Exercise details: Start at the top of the records and, please, print each line exactly through the line that contains "本网讯 为深入落实省委教育工", leaving out all pictures.

Source data:
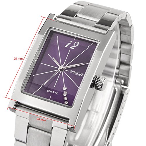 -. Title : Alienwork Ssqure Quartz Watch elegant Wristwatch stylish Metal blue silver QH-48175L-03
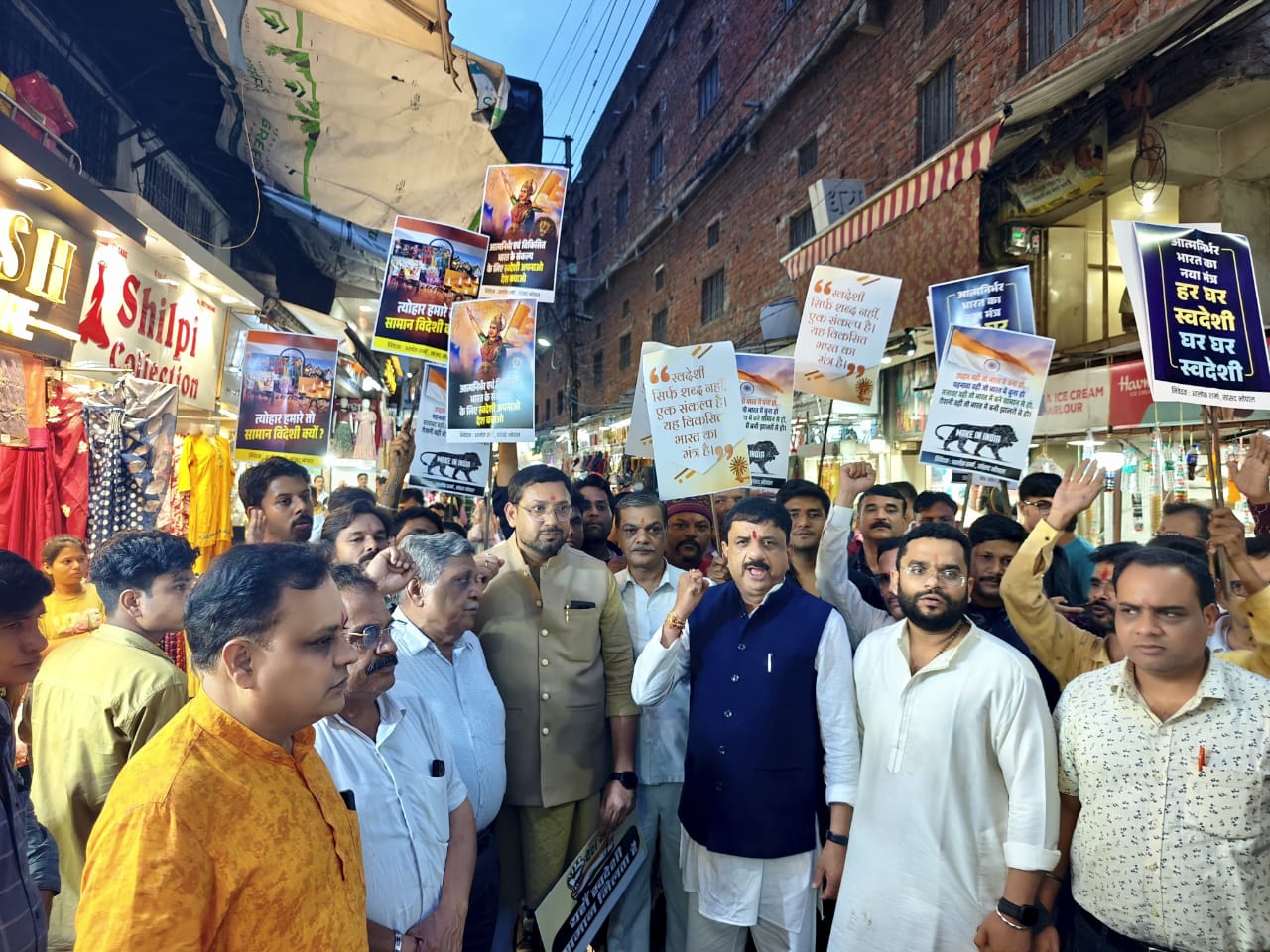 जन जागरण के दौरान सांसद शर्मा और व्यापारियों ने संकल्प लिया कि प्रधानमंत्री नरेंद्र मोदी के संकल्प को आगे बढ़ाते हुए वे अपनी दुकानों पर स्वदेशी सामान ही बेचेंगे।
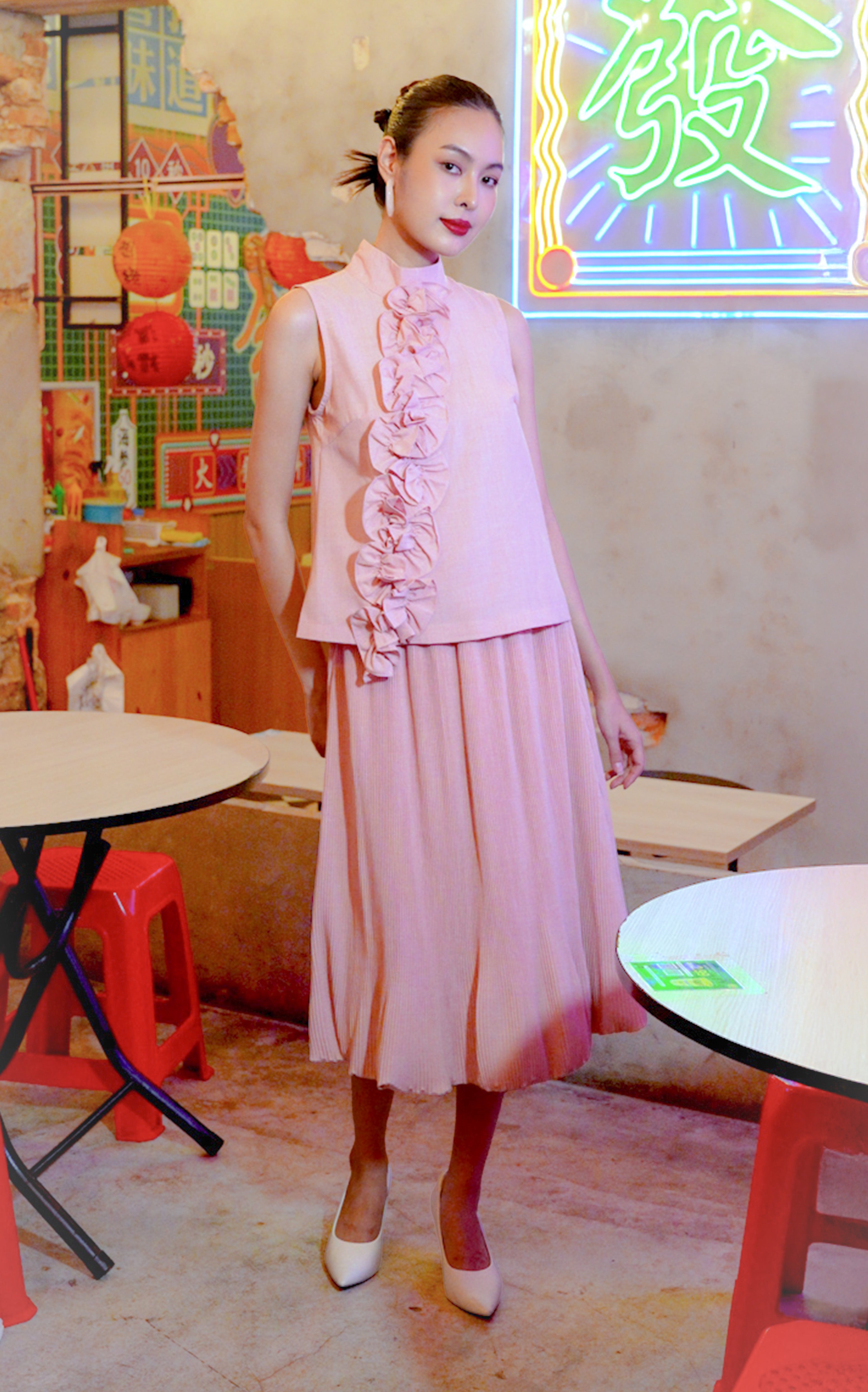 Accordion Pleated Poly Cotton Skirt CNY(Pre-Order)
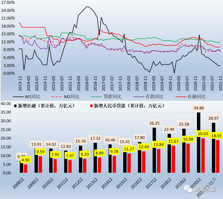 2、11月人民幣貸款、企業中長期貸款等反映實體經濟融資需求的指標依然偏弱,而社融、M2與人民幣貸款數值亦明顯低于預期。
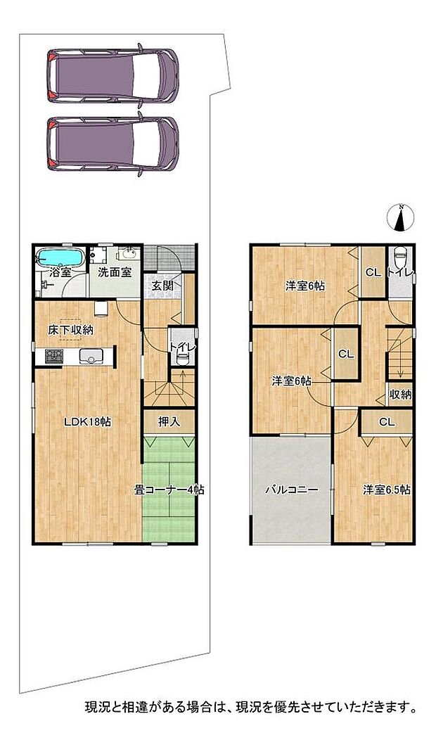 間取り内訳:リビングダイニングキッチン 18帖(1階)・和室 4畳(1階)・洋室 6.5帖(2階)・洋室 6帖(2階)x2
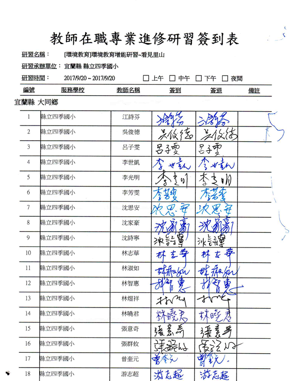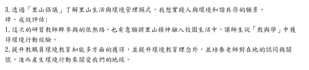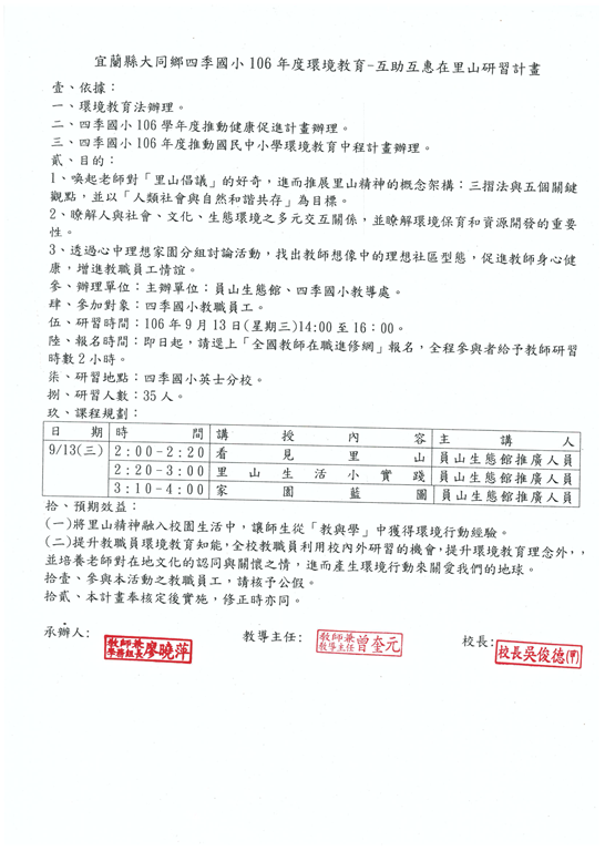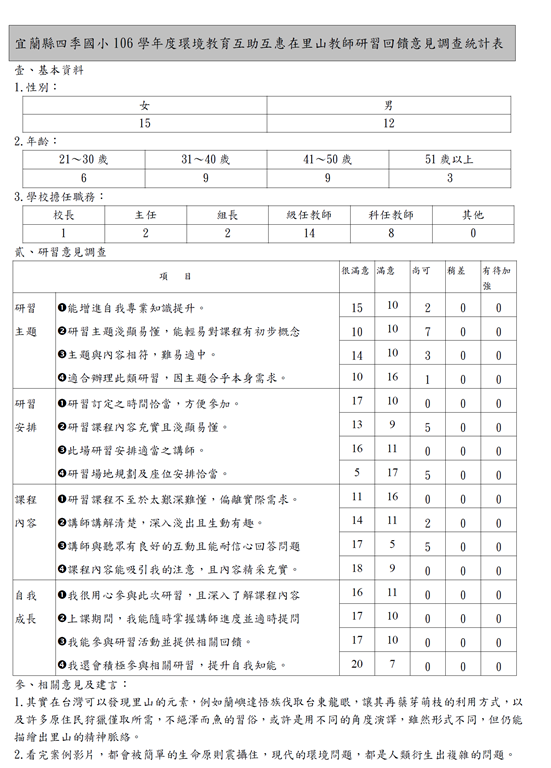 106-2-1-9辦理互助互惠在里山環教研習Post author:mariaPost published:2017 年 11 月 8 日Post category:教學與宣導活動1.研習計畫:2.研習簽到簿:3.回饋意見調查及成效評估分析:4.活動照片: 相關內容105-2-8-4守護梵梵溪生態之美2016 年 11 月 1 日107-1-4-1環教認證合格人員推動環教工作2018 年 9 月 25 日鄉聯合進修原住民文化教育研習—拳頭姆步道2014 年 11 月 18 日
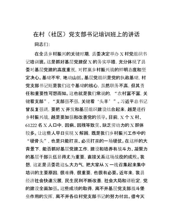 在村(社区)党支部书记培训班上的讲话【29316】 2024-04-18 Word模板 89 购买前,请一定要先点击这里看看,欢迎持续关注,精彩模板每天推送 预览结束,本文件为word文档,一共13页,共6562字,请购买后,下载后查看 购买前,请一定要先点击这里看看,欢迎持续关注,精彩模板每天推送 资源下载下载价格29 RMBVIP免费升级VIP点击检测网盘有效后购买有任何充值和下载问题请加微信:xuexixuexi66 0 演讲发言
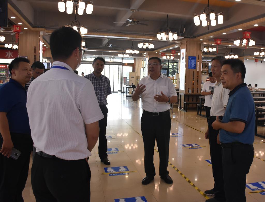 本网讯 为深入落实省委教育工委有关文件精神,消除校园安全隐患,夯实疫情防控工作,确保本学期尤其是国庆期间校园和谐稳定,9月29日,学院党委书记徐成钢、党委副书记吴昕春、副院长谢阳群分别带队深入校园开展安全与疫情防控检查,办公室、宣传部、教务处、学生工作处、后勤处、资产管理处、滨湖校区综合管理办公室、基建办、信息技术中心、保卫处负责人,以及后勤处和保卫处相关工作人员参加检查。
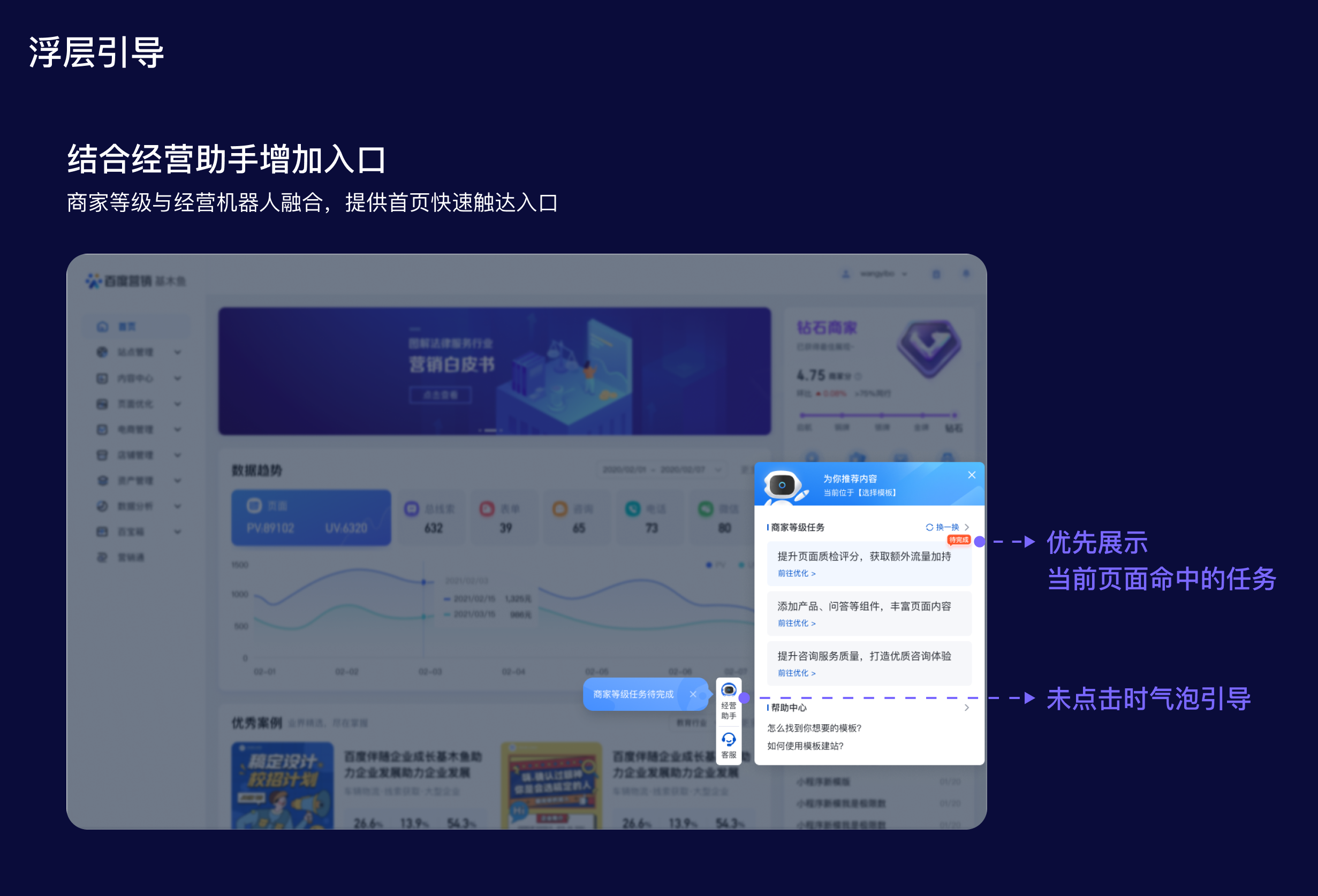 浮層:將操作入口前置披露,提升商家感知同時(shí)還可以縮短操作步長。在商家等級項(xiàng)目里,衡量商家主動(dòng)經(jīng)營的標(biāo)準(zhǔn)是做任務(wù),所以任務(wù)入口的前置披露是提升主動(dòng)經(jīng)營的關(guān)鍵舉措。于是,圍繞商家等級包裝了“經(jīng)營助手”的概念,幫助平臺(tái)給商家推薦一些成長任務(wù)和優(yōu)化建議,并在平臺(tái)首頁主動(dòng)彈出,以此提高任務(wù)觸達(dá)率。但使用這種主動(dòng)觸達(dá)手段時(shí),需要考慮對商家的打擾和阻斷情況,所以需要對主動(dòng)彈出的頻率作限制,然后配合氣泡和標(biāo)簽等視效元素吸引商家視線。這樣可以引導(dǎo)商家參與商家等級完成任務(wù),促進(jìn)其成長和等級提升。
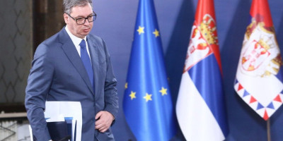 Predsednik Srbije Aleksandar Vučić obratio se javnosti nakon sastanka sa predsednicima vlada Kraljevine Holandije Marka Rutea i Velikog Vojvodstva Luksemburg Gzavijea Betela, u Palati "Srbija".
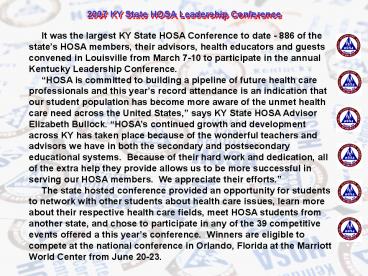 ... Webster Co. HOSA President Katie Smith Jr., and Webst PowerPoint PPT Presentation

Response to this task:
 -. Title : Alienwork Ssqure Quartz Watch elegant Wristwatch stylish Metal blue silver QH-48175L-03
 जन जागरण के दौरान सांसद शर्मा और व्यापारियों ने संकल्प लिया कि प्रधानमंत्री नरेंद्र मोदी के संकल्प को आगे बढ़ाते हुए वे अपनी दुकानों पर स्वदेशी सामान ही बेचेंगे।
 Accordion Pleated Poly Cotton Skirt CNY(Pre-Order)
 2、11月人民幣貸款、企業中長期貸款等反映實體經濟融資需求的指標依然偏弱,而社融、M2與人民幣貸款數值亦明顯低于預期。
 間取り内訳:リビングダイニングキッチン 18帖(1階)・和室 4畳(1階)・洋室 6.5帖(2階)・洋室 6帖(2階)x2
 106-2-1-9辦理互助互惠在里山環教研習Post author:mariaPost published:2017 年 11 月 8 日Post category:教學與宣導活動1.研習計畫:2.研習簽到簿:3.回饋意見調查及成效評估分析:4.活動照片: 相關內容105-2-8-4守護梵梵溪生態之美2016 年 11 月 1 日107-1-4-1環教認證合格人員推動環教工作2018 年 9 月 25 日鄉聯合進修原住民文化教育研習—拳頭姆步道2014 年 11 月 18 日
 在村(社区)党支部书记培训班上的讲话【29316】 2024-04-18 Word模板 89 购买前,请一定要先点击这里看看,欢迎持续关注,精彩模板每天推送 预览结束,本文件为word文档,一共13页,共6562字,请购买后,下载后查看 购买前,请一定要先点击这里看看,欢迎持续关注,精彩模板每天推送 资源下载下载价格29 RMBVIP免费升级VIP点击检测网盘有效后购买有任何充值和下载问题请加微信:xuexixuexi66 0 演讲发言
 本网讯 为深入落实省委教育工委有关文件精神,消除校园安全隐患,夯实疫情防控工作,确保本学期尤其是国庆期间校园和谐稳定,9月29日,学院党委书记徐成钢、党委副书记吴昕春、副院长谢阳群分别带队深入校园开展安全与疫情防控检查,办公室、宣传部、教务处、学生工作处、后勤处、资产管理处、滨湖校区综合管理办公室、基建办、信息技术中心、保卫处负责人,以及后勤处和保卫处相关工作人员参加检查。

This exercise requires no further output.